我看着婆婆那副财迷样,胃内一阵翻腾差点吐出来。啸天忍忍上前,刚要把刺客的尸体扛出去。婆婆赶紧制止,“等等!等等!我再找找!再找找!”接着上手把刺客上上下下搜了个遍,临了还扒了刺客的上衣,“这个干净的,留着做鞋。”婆婆想想!干嘛不把刺客的靴子也脱下来,当掉也能换点钱花花。想到就要做到,当下动手费劲的拽下刺客的靴子。打劫完死尸,然后婆婆麻利的又钻回了条几底下,还特地吩咐啸天重新给她盖好藏严实了。
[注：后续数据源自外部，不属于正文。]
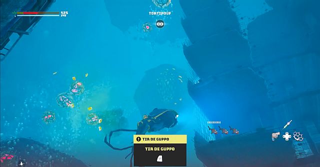 Tortipouf se retirera dans sa coquille et secouera un tas de mines explosives qui flotteront vers vous dans l’eau. Vous serez invité à libérer les Guppos avec la gâchette gauche. Les Guppos chercheront les mines à proximité et les feront exploser pour vous. Veillez à ne pas être pris dans l’explosion, sinon vous subirez de gros dégâts, ou vous mourrez tout simplement.

啸天惨白着脸帮婆婆做完她要求的,扛起死尸顺窗户扔了出去,回头抄起长剑跃入院中。
院中正打的火热,我悄悄的扶着墙站起来,偷偷往外看。院子里人影晃动,除了被我们弄死的那具尸体,倒也没见有躺下的。我暗暗舒了口气,继续观察着。双方全都挂了彩,渐渐形成对峙状态。大家都喘着粗,紧张的盯着对方。你不动我不动,你若动我也不含糊。双方僵持了许久,看来实力相当,谁也占不到谁的便宜。
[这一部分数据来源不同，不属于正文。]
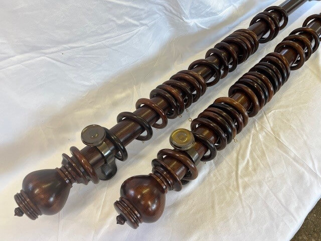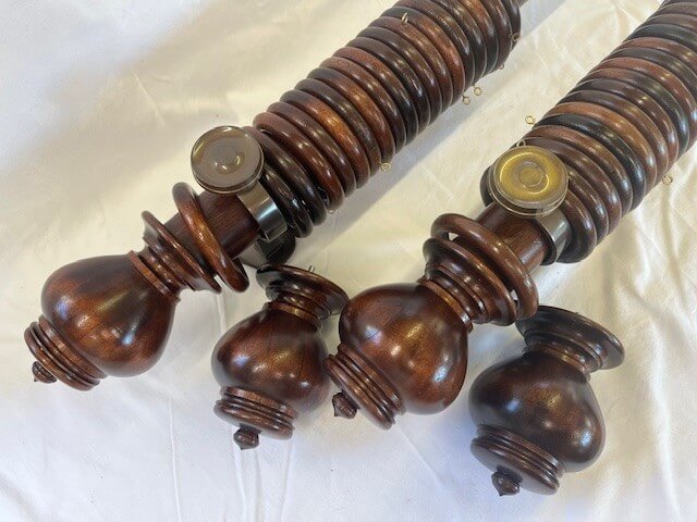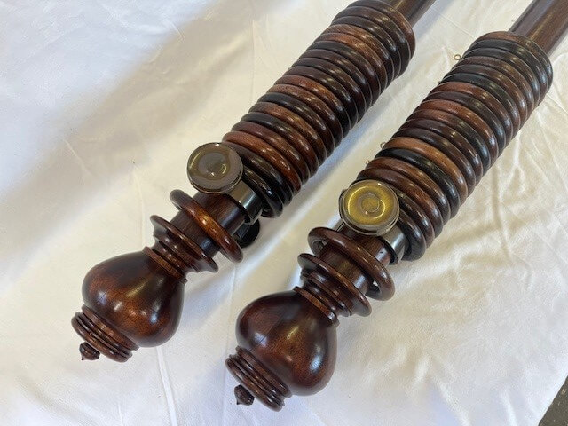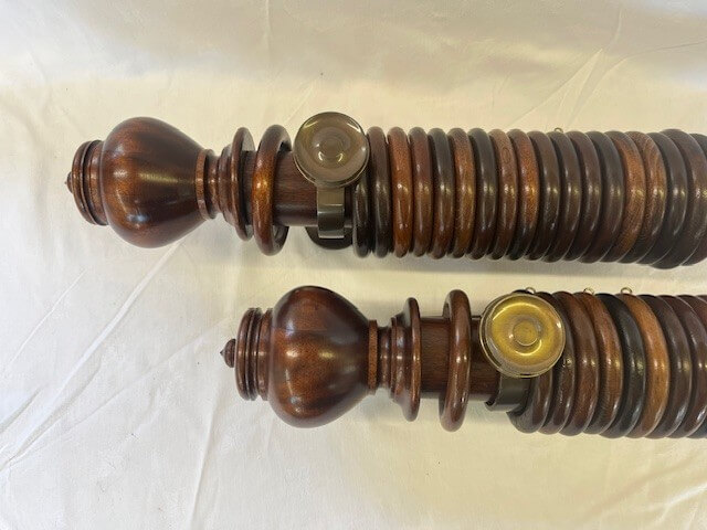 Two Mahogany sets with Uncarved Verona finials, rings and brass brackets

夜空中,一声尖锐的哨声响起。刺客闻声为之一动,为首的掏出一把蛋子摔在地上,一股股黄烟腾起,大家赶紧捂住口鼻。等黄烟散去,刺客已经没了踪影。我堵在嗓子眼的心肝,总算是放下啦,虚脱的趴在窗台上,这个时候要是有人安慰安慰该多好啊!此时此刻,我以是连哭的力气都没有啦。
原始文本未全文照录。